Excerpts from a dataset
====
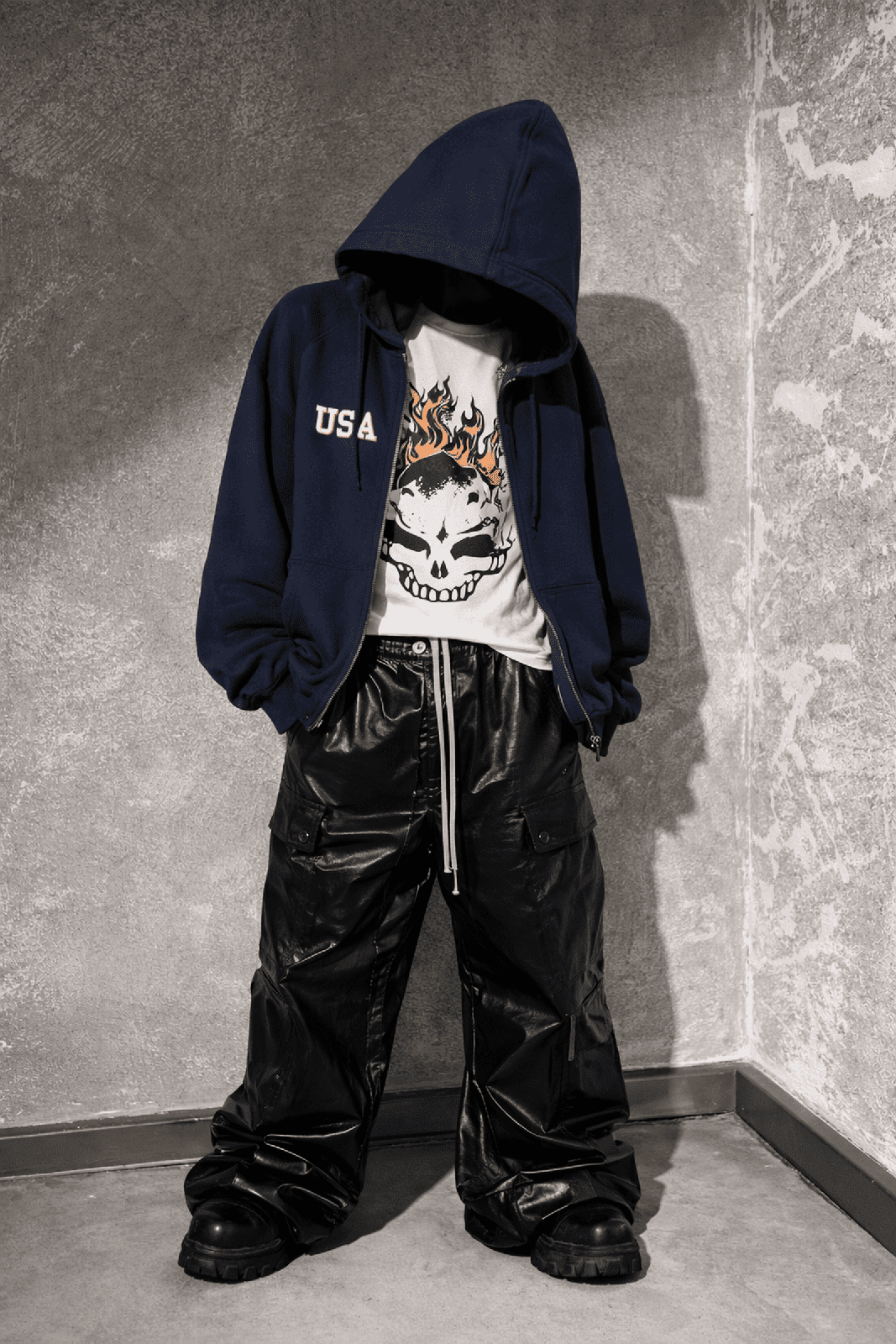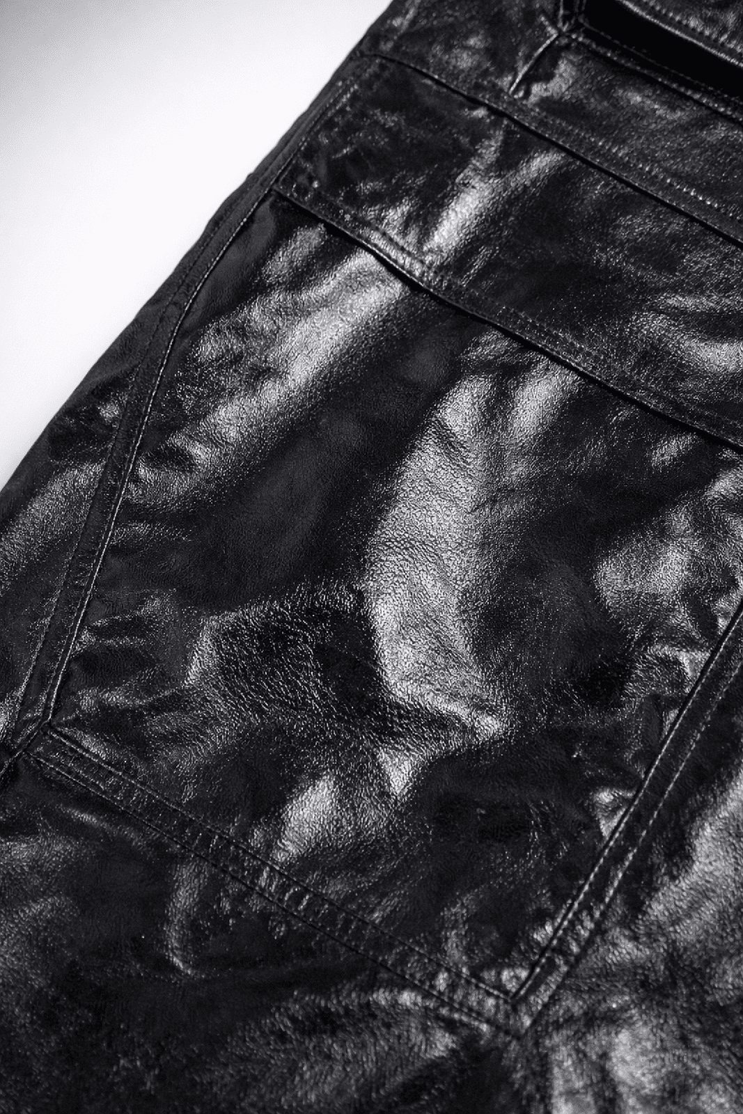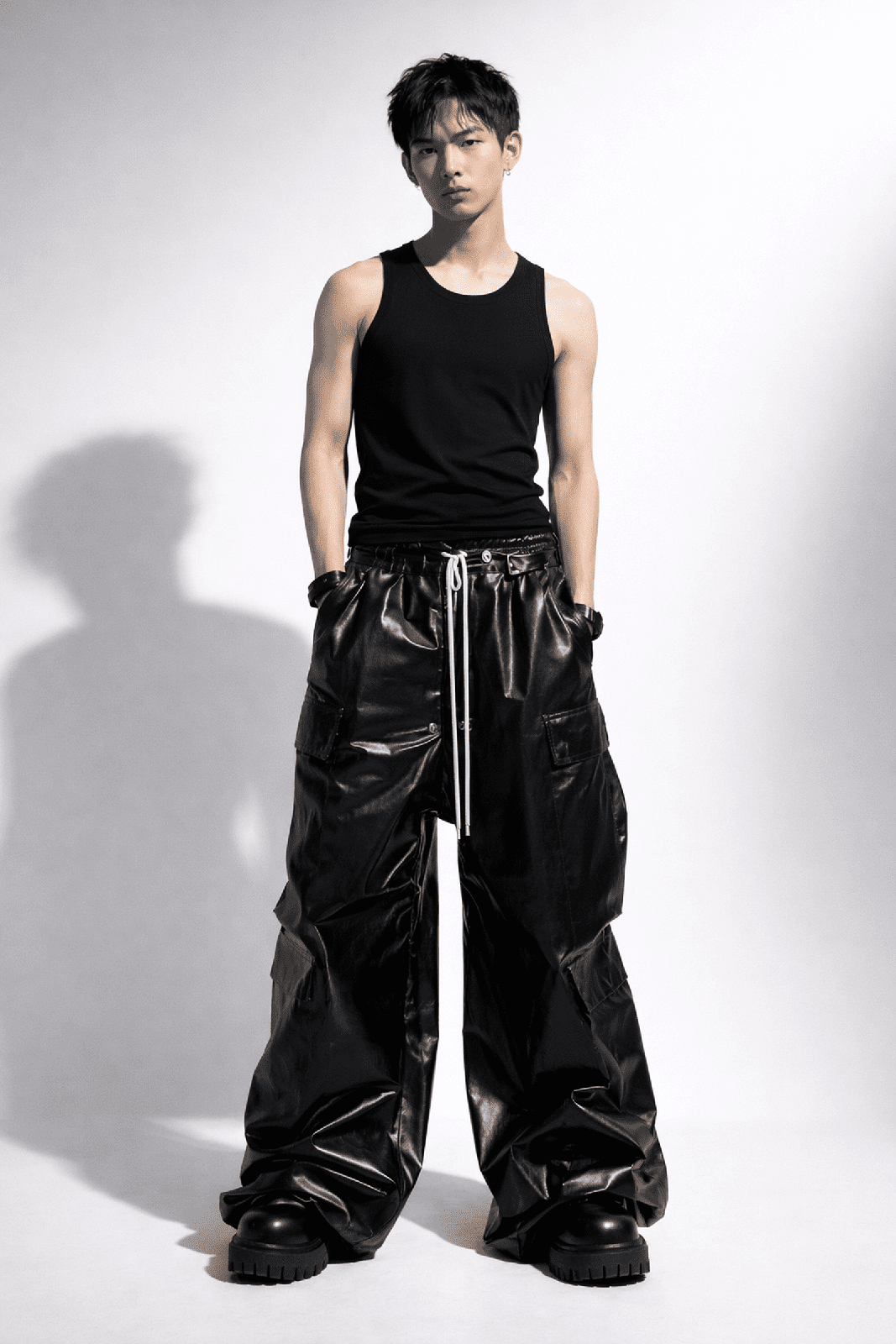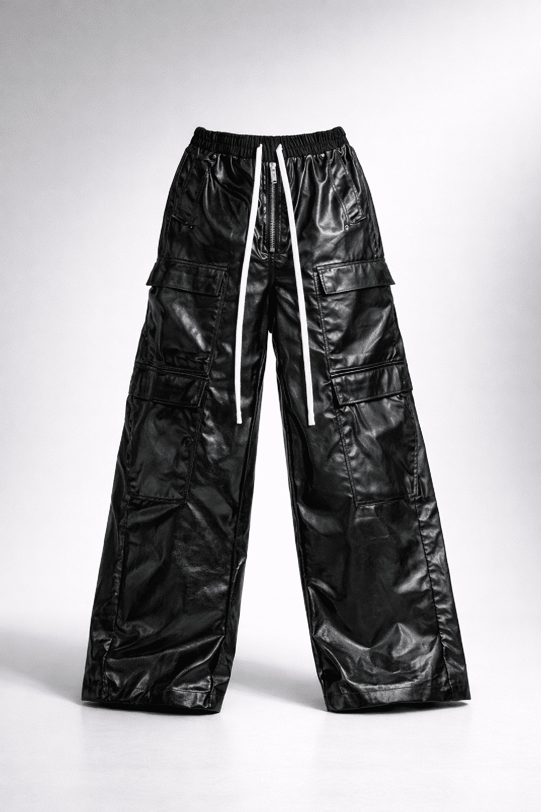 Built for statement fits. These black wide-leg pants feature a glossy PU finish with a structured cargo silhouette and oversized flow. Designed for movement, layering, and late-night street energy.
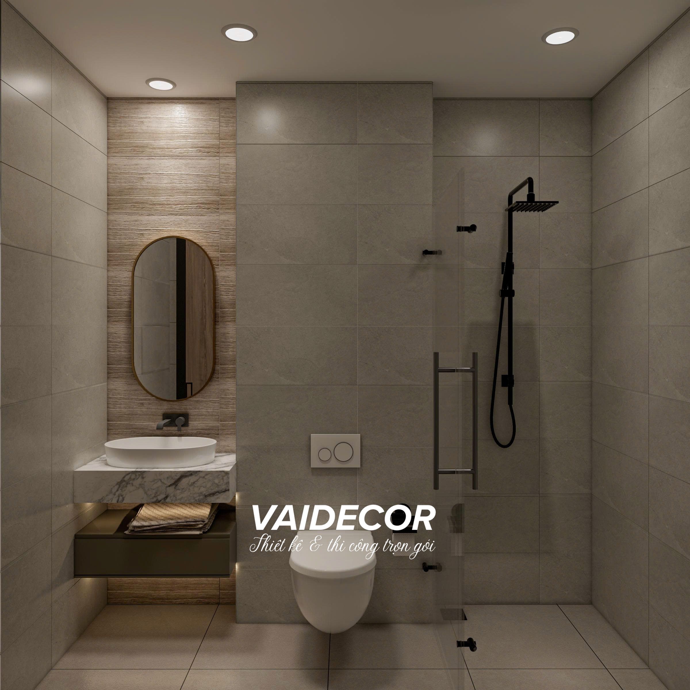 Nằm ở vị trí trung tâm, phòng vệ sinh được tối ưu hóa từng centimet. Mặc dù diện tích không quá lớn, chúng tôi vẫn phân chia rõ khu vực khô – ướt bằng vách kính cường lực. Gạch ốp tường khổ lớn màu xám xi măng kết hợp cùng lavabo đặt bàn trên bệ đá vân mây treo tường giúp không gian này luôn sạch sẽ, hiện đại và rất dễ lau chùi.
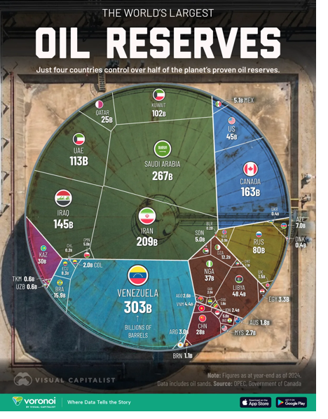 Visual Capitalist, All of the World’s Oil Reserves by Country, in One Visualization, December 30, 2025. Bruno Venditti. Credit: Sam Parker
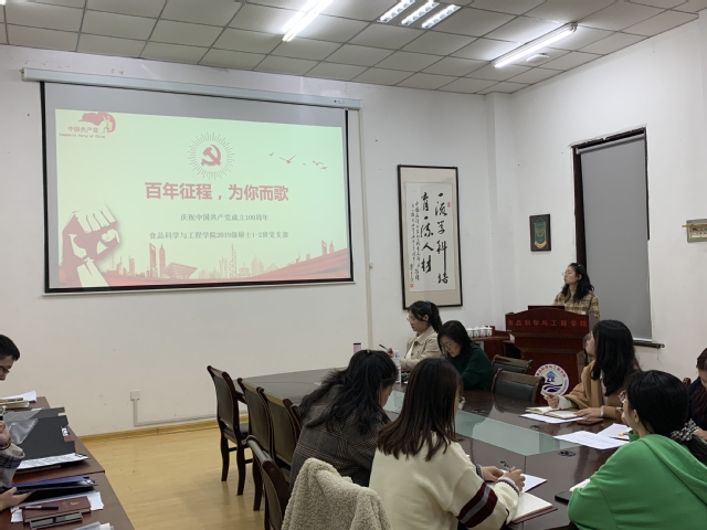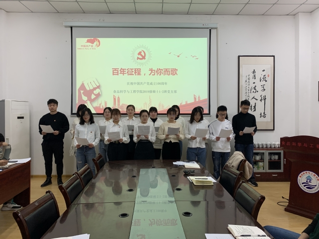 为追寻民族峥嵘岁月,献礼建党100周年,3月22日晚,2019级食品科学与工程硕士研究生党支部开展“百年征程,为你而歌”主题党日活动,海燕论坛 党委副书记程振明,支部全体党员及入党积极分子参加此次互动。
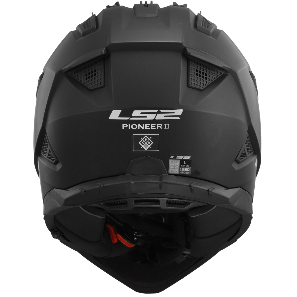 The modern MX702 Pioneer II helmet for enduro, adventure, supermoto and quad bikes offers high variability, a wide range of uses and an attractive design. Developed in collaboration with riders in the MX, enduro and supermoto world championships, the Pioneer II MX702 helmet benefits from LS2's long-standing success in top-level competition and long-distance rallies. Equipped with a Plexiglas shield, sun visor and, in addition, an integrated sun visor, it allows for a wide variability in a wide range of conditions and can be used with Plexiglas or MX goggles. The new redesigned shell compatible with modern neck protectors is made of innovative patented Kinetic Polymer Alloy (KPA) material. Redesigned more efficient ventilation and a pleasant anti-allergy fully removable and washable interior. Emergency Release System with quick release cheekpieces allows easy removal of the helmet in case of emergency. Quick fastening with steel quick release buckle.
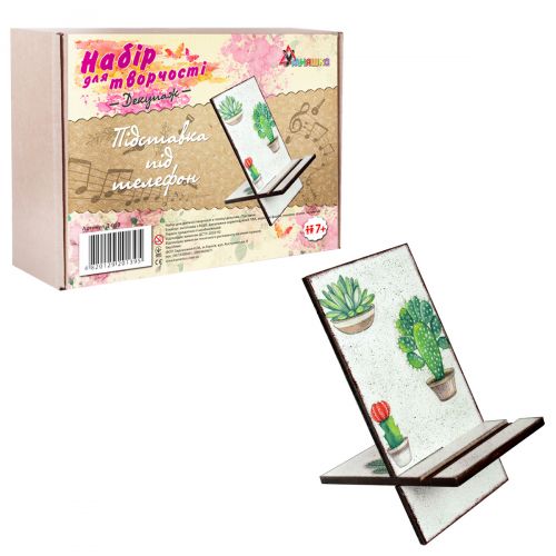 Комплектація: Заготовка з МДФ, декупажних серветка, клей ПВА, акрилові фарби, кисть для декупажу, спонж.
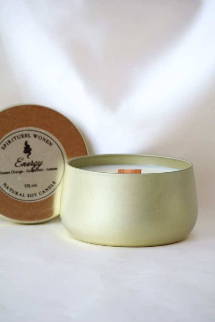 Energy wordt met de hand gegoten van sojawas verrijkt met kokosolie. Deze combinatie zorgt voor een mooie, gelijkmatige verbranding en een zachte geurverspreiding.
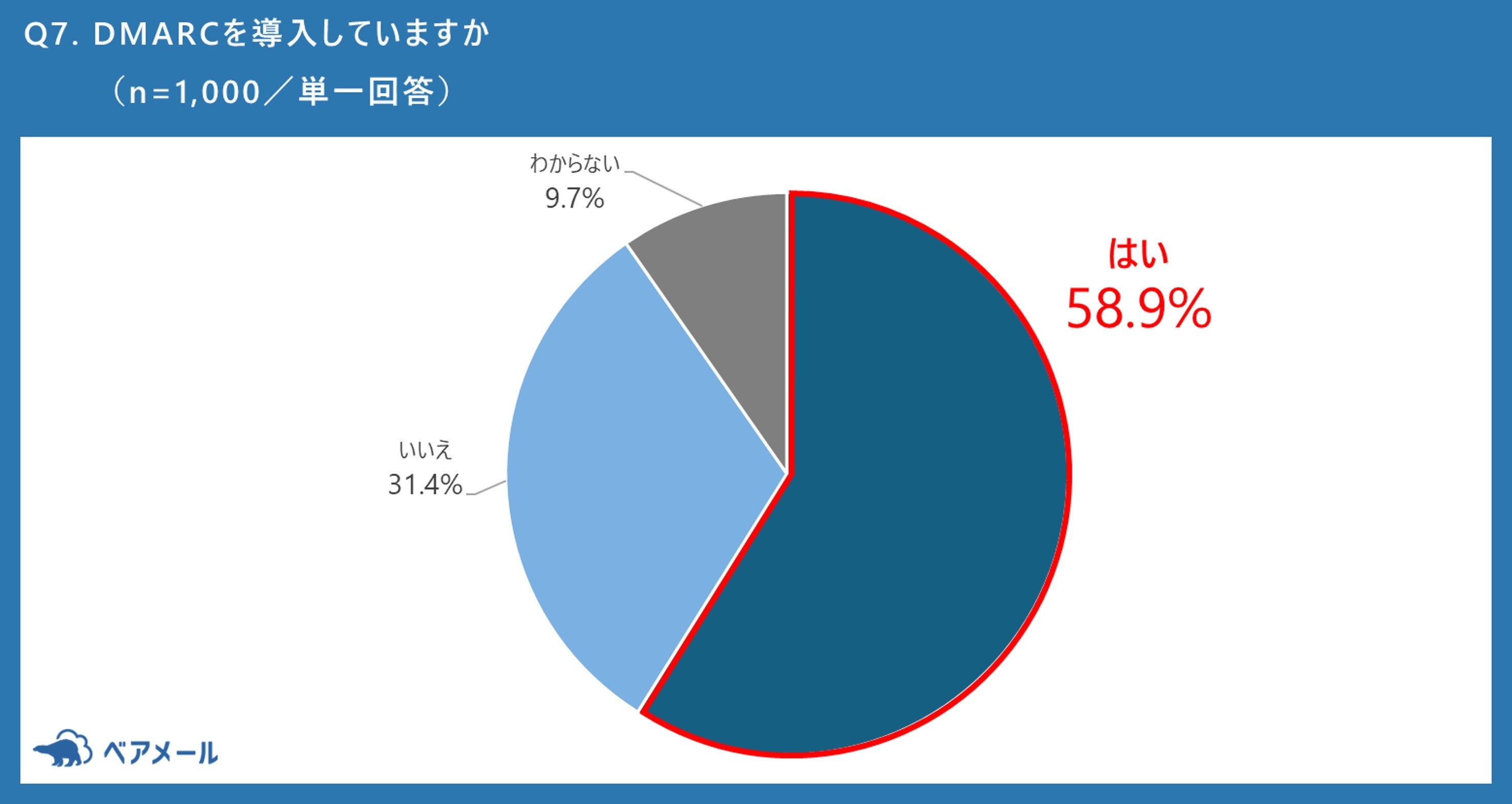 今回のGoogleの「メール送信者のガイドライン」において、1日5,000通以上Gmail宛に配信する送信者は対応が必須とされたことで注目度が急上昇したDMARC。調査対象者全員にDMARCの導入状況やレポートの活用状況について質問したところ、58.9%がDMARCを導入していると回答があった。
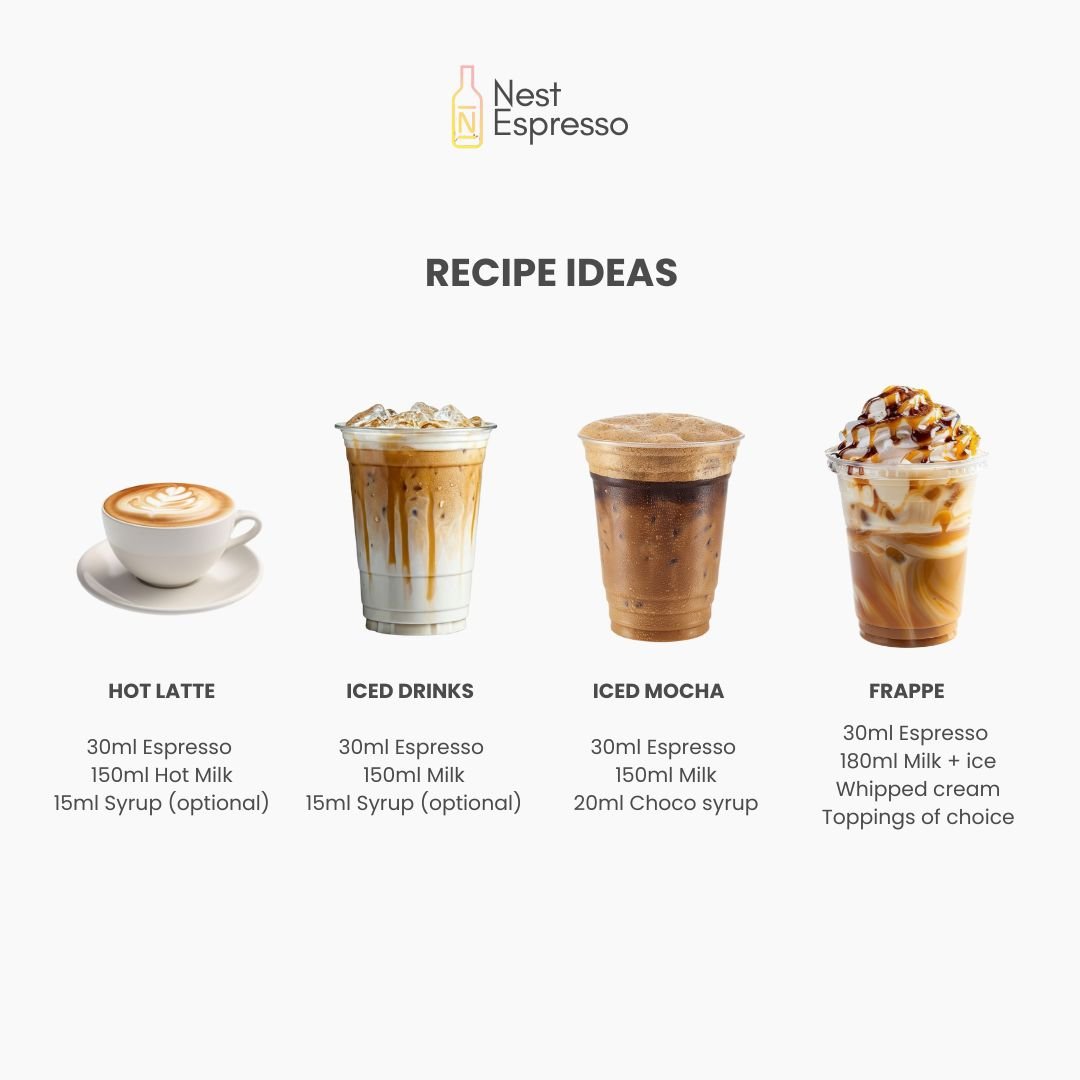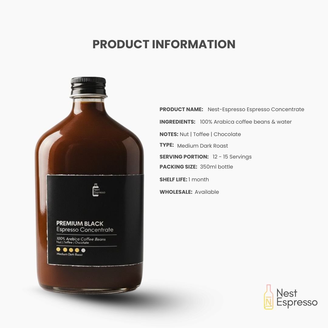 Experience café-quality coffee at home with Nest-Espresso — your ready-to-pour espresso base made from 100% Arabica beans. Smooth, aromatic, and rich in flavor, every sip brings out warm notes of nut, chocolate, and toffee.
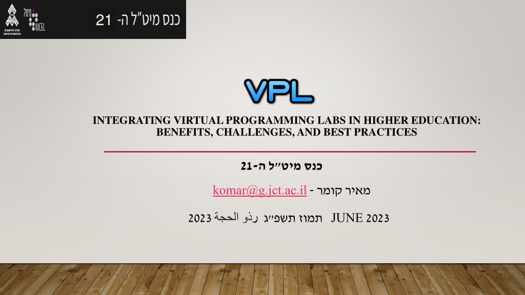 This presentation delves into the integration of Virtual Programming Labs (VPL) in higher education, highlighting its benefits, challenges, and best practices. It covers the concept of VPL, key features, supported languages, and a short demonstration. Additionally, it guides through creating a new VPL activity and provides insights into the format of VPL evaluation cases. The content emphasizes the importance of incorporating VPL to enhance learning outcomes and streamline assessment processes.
====
* [Goal of the exercise]
Pictures stay out. Copy exactly, and only, the lines from the one containing "今回のGoogleの「メール" through the end of the data.

* [Output of the task]
 今回のGoogleの「メール送信者のガイドライン」において、1日5,000通以上Gmail宛に配信する送信者は対応が必須とされたことで注目度が急上昇したDMARC。調査対象者全員にDMARCの導入状況やレポートの活用状況について質問したところ、58.9%がDMARCを導入していると回答があった。
 Experience café-quality coffee at home with Nest-Espresso — your ready-to-pour espresso base made from 100% Arabica beans. Smooth, aromatic, and rich in flavor, every sip brings out warm notes of nut, chocolate, and toffee.
 This presentation delves into the integration of Virtual Programming Labs (VPL) in higher education, highlighting its benefits, challenges, and best practices. It covers the concept of VPL, key features, supported languages, and a short demonstration. Additionally, it guides through creating a new VPL activity and provides insights into the format of VPL evaluation cases. The content emphasizes the importance of incorporating VPL to enhance learning outcomes and streamline assessment processes.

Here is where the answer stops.